:: Required action ::
Print exactly the lines below between the line holding "Ακολουθούν τα αποτελέσματα" and the line holding "接触器:其主要作用是用来接通或断开主电路。容量大的接触器一般都带有灭弧罩。", inclusive, and nothing more.

:: Given entries ::
══════════════════════════════

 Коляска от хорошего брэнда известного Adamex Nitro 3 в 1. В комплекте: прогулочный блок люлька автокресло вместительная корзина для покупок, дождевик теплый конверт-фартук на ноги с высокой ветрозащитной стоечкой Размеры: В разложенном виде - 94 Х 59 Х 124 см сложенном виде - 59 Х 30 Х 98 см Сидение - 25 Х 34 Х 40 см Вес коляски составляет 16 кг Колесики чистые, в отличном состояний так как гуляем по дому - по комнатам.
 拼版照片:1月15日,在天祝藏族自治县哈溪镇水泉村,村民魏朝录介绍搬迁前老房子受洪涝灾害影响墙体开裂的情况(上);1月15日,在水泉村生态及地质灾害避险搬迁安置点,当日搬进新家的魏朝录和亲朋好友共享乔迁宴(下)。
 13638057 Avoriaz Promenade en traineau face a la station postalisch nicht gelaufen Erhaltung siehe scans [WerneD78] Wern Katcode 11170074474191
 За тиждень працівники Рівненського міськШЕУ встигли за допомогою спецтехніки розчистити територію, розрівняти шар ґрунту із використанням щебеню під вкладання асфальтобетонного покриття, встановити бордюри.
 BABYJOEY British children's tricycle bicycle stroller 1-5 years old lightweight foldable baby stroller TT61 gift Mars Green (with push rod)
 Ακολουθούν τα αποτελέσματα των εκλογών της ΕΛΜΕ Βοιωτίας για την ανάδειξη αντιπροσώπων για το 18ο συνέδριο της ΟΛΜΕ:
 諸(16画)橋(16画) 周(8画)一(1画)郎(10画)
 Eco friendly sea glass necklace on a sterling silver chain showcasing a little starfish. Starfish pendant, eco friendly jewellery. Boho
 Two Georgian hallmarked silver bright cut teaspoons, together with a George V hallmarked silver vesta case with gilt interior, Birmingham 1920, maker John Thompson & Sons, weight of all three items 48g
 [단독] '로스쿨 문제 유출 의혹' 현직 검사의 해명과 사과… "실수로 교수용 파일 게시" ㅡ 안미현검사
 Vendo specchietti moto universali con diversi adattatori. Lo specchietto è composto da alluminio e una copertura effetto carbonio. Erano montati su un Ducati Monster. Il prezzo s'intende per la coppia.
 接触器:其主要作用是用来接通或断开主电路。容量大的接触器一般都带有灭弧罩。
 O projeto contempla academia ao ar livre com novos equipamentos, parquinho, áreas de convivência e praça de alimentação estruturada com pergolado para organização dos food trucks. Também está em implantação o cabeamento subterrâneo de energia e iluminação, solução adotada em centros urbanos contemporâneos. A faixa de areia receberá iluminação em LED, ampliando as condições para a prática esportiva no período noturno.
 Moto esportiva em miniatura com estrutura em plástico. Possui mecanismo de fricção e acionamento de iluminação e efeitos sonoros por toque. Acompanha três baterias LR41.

══════════════════════════════

:: Task solution ::
 Ακολουθούν τα αποτελέσματα των εκλογών της ΕΛΜΕ Βοιωτίας για την ανάδειξη αντιπροσώπων για το 18ο συνέδριο της ΟΛΜΕ:
 諸(16画)橋(16画) 周(8画)一(1画)郎(10画)
 Eco friendly sea glass necklace on a sterling silver chain showcasing a little starfish. Starfish pendant, eco friendly jewellery. Boho
 Two Georgian hallmarked silver bright cut teaspoons, together with a George V hallmarked silver vesta case with gilt interior, Birmingham 1920, maker John Thompson & Sons, weight of all three items 48g
 [단독] '로스쿨 문제 유출 의혹' 현직 검사의 해명과 사과… "실수로 교수용 파일 게시" ㅡ 안미현검사
 Vendo specchietti moto universali con diversi adattatori. Lo specchietto è composto da alluminio e una copertura effetto carbonio. Erano montati su un Ducati Monster. Il prezzo s'intende per la coppia.
 接触器:其主要作用是用来接通或断开主电路。容量大的接触器一般都带有灭弧罩。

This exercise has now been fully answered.